What you have to do =
Under this line are the records; repeat exactly the lines starting at the one containing "findings were echoed" and ending at the one containing "From the Port", omitting pictures.

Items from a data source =
--
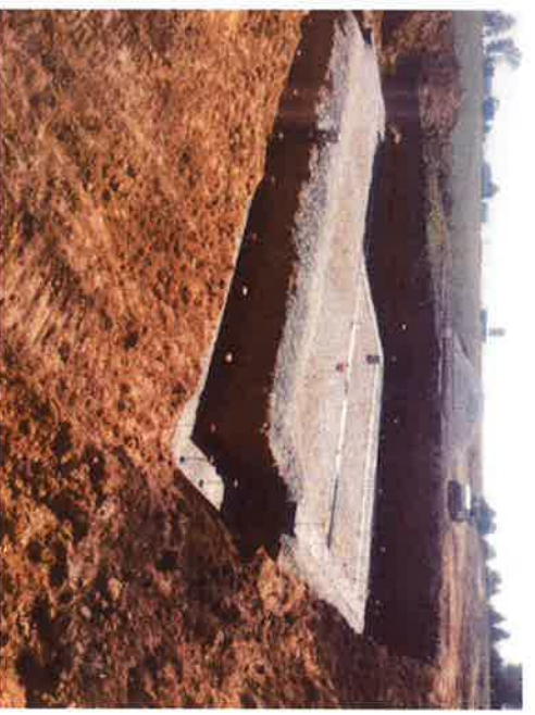
We broke ground on a new full-time staff residence in August
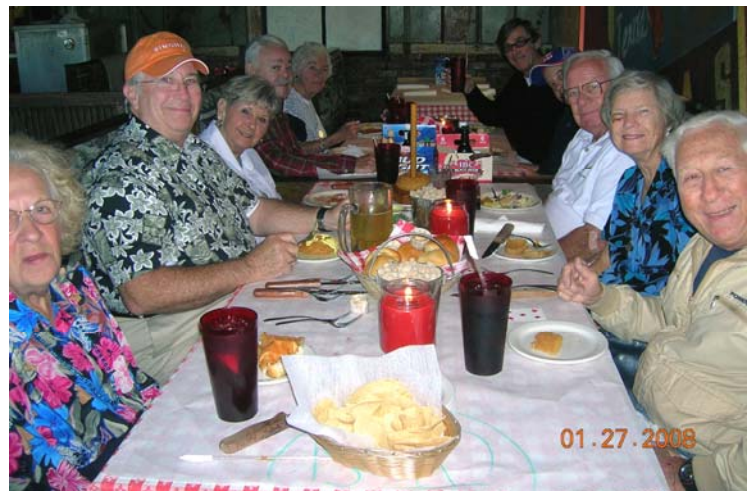
January's event at Cody's

I have flyers on upcoming events. Those interested, please contact me.☀
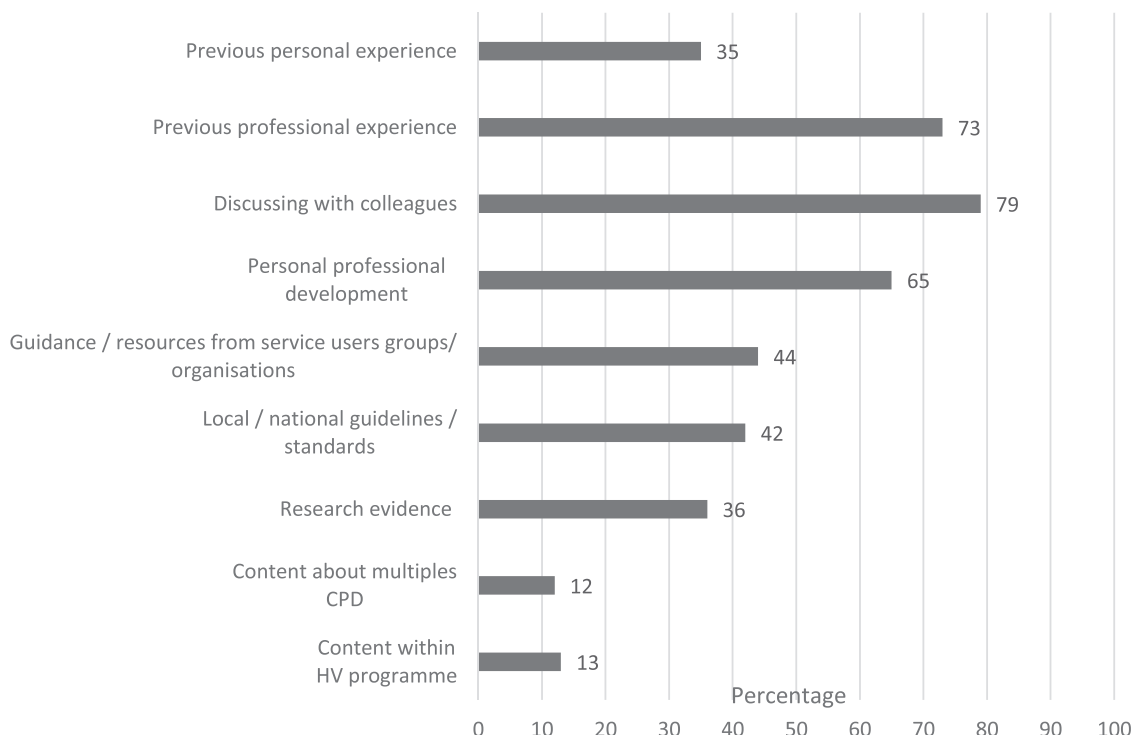
FIGURE 1 Factors influencing health visitor practice with multiple birth families

findings were echoed in relation to continuing professional development with 80% of respondents not attending any sessions related to multiple birth families. Consequently, the respondents relied primarily on “professional experience” (73%) and “discussion with colleagues” (79%) to inform their practice with multiple birth families (Figure 1).
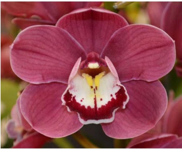
From the Port Adelaide display Olympic Flame 'Ai Tee'
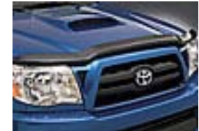
Hood Protector $119.00 Installed MSRP*
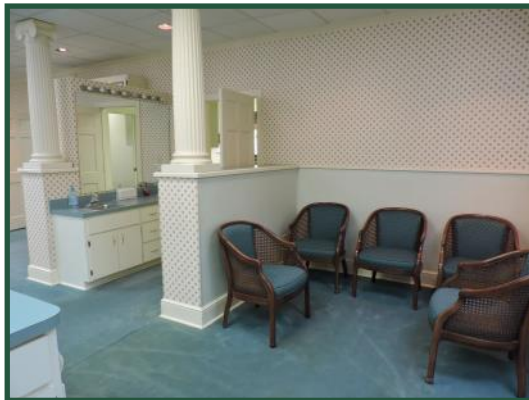
Open Treatment On-Deck

A Full Service Real Estate Company commercial.fickling.com
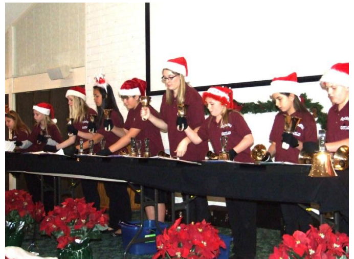
"St. John's Joyful Bells"

Christmas Party Luncheon entertainment provided by St. John's Lutheran Church.
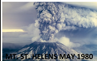
MT. ST. HELENS MAY 1980

When the enemy strikes and I fail, God is there for me as He was for David. I will walk through life's challenges and joys and when life as I know it here ends, I will stand forgiven in God's presence. Where will you be? I know that Jesus died for my sins. I believe Jesus is who He said He was, the very Son of God. I've accepted His Word. I've known the joy of God's discipline and forgiveness for a lifetime. I understand the "peace that passes all understanding." He died for the sinfulness of all mankind out of a love that surpasses anything I could imagine. He died for you. My deepest desire is to see you there too.
--
Result of the task =
findings were echoed in relation to continuing professional development with 80% of respondents not attending any sessions related to multiple birth families. Consequently, the respondents relied primarily on “professional experience” (73%) and “discussion with colleagues” (79%) to inform their practice with multiple birth families (Figure 1).
From the Port Adelaide display Olympic Flame 'Ai Tee'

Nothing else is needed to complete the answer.